The Leadership and Design Fellows program is not just a professional development experience for Ryan Welch (Fellow 7.0 and Middle School Head at the New School in Arkansas);it was a turning point, a set of lenses that suddenly made the world come into focus. For Frederique Dupri, (Fellow 7.0, Associate Director of College Guidance at Loomis Chaffee School), she stepped into the L+D fellowship with an acute sense of her natural leadership strengths but without the language or frameworks to fully harness them. When introduced to design thinking on day one of the fellowship convening, it was a completely foreign concept for her. Similarly, the first “futurist” exercise we all participated in felt like being dropped into another world. However, now two years later, everything looks different for Frederique. She now carries a deep confidence in her signature leadership presence, has used design thinking to launch a program supporting first-generation students, and even joined a futurist working group at her school. Along the way, she discovered that creativity wasn’t just a skill she needed to continue to develop, it was the heartbeat of her authentic leadership style, the throughline connecting her growth, her ideas, and her impact on schools, her teams, and her students. Today, it is not an exaggeration to say that she uses the principles and frameworks of L+D every single day.

Before L+D, Ryan was already an ambitious educator. From building programs, hiring teams, solving problems to using design thinking as a pivotal focus of his teaching pedagogy.

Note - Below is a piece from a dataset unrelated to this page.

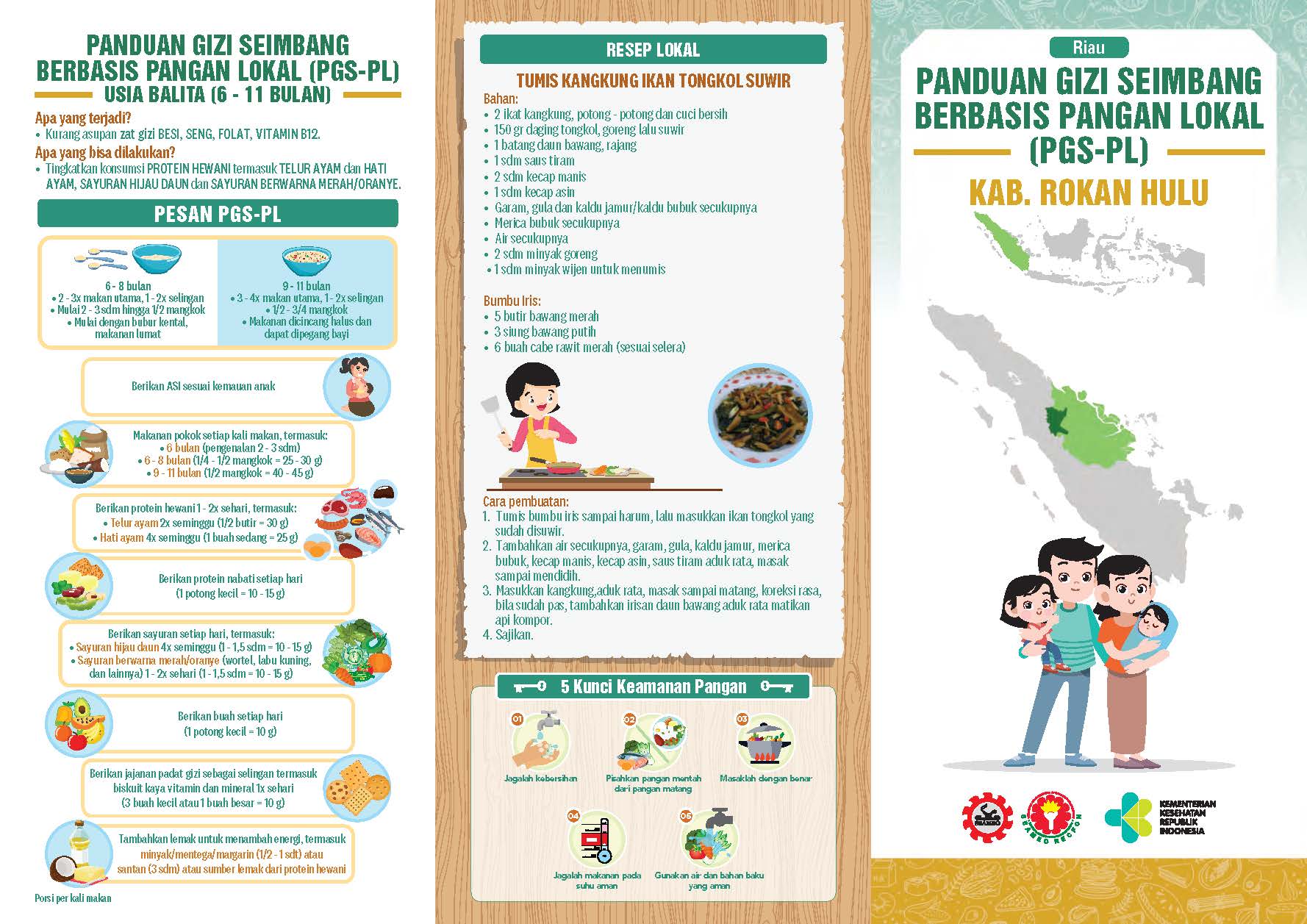 Kabupaten Rokan Hulu terletak di Provinsi Riau dengan luas wilayah 7.462,18 Km2. Sektor pertanian memberikan kontribusi besar bagi pertumbuhan ekonomi daerah ini seperti tanaman pangan, hortikultura, perkebunan, perikanan, dan peternakan. Resep lokal di sini yang perlu dicoba adalah Tumis Kangkung Ikan Tongkol Suwir. Simple tapi menarik, kan?

But the fellowship gave him language for things he had long felt but could not name: the power of curiosity over judgment, the subtle but profound distinction between feedback and evaluation, the ability to step onto the “balcony” and see the whole dance of leadership before stepping back onto the “dance floor” and the weeds of everyday school life. These weren’t just tools for school leadership; they were frames for living. 

What he remembers most vividly isn’t a single activity or book but the way L+D centered relationships first. The L+D facilitators saw people before positions. They created spaces where vulnerability wasn’t just encouraged but modeled. Spaces where heads of school and aspiring leaders sat side by side, stripped of hierarchy, learning together with authenticity and laughter. It felt, as he describes, like a “treehouse” - a place you didn’t want to leave because it felt rare and real.

And when life threw him a curveball, the fellowship gave him the clarity and composure to navigate it with curiosity rather than defensiveness. He describes it like putting on 3D glasses after staring at a blurry image for too long… suddenly, he could see multiple perspectives at once, understand the complexity without losing himself in it, and was able to respond with empathy and wonder.

Now, in a role he calls his “dream job,” he credits L+D for equipping him not just with skills but with a way of being, a way of leading that is relational, reflective, and deeply human.